How AI Power Demands and Policy Rollbacks Revived Coal

How AI Power Demands and Policy Rollbacks Revived Coal

Simon Haidegger sits down with Desiree Sainthrope, a legal expert in global compliance whose work straddles energy regulation, power markets, and the fast-evolving footprint of AI infrastructure. She explains why data centers are reshaping utility planning, how federal rollbacks and emergency orders intersect with reliability law, and what this all means for health and climate. We cover the chain from interconnection queues to coal unit lifelines, dig into the legal underpinnings of national security exemptions, and explore what transparent metrics and enforceable standards could look like in an era where AI can mean keeping plants online through 2039.

The article links AI’s power surge to delaying retirements at 15 coal plants and 30 units. Can you walk us through how data center requests reach utilities and then grid operators?

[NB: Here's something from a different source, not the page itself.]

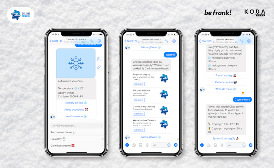 By z niego skorzystać wystarczy wejść na Messengera Zieleniec SKI Areny, kliknąć “rozpocznij” i dowiedzieć się więcej. Chatbot zawiera aktualne dane pogodowe ze stacji meteo w Zieleńcu i prognozę z najbardziej wiarygodnego źródła. Odpowiada także na pytania użytkowników dotyczące dostępnych tras, wyciągów, cennika, warunków na stokach, regulaminu, a nawet czynnych restauracji czy bazy hotelowej. Dzięki integracji z serwisem www.zieleniec.pl, do którego najczęściej linkuje, posiada bieżące informacje na temat wydarzeń odbywających się na terenie ośrodka i zmian zachodzących na stokach. – Z wdrożeniem chatbota nie było najmniejszego problemu – odpowiada Mariusz Pełechaty, creative director w KODA Bots, twórcy rozwiązania – Zieleniec od początku był otwarty na współpracę i nie bał się naszych pomysłów. Dzięki danym, które otrzymaliśmy, udało nam się stworzyć bardzo sprawnie działający kanał komunikacji z użytkownikami, bo chatbot powstał właśnie z myślą o narciarzach, snowboardzistach i w ogóle turystach przyjeżdżających do Zieleńca. – dodaje Pełechaty.

What load forecasts or interconnection queues show this shift? Which metrics best reveal the tipping point?

A data center developer typically starts with a pre-application meeting at the utility, shares indicative load—often hundreds of megawatts for a hyperscale campus—and requests capacity and a target in-service date. That triggers a distribution or transmission feasibility review and, if transmission is implicated, entry into the regional interconnection queue. In PJM, those clusters are now full of “large load” requests associated with AI, matching the story that one-third of delayed coal retirements are aimed at serving Data Center Alley. You see the shift first in updated load forecasts—Dominion’s service territory shows an 85 percent increase over 15 years—and then in unit commitment models where coal units slated to retire are re-flagged for reliability must-run or extended operation. The tipping points show up in a trio of metrics: year-ahead reserve margins falling below planning targets, non-wires alternatives failing local deliverability tests at critical substations, and a surge of time-sensitive, high-MW interconnection requests that overwhelm near-term transmission upgrade windows.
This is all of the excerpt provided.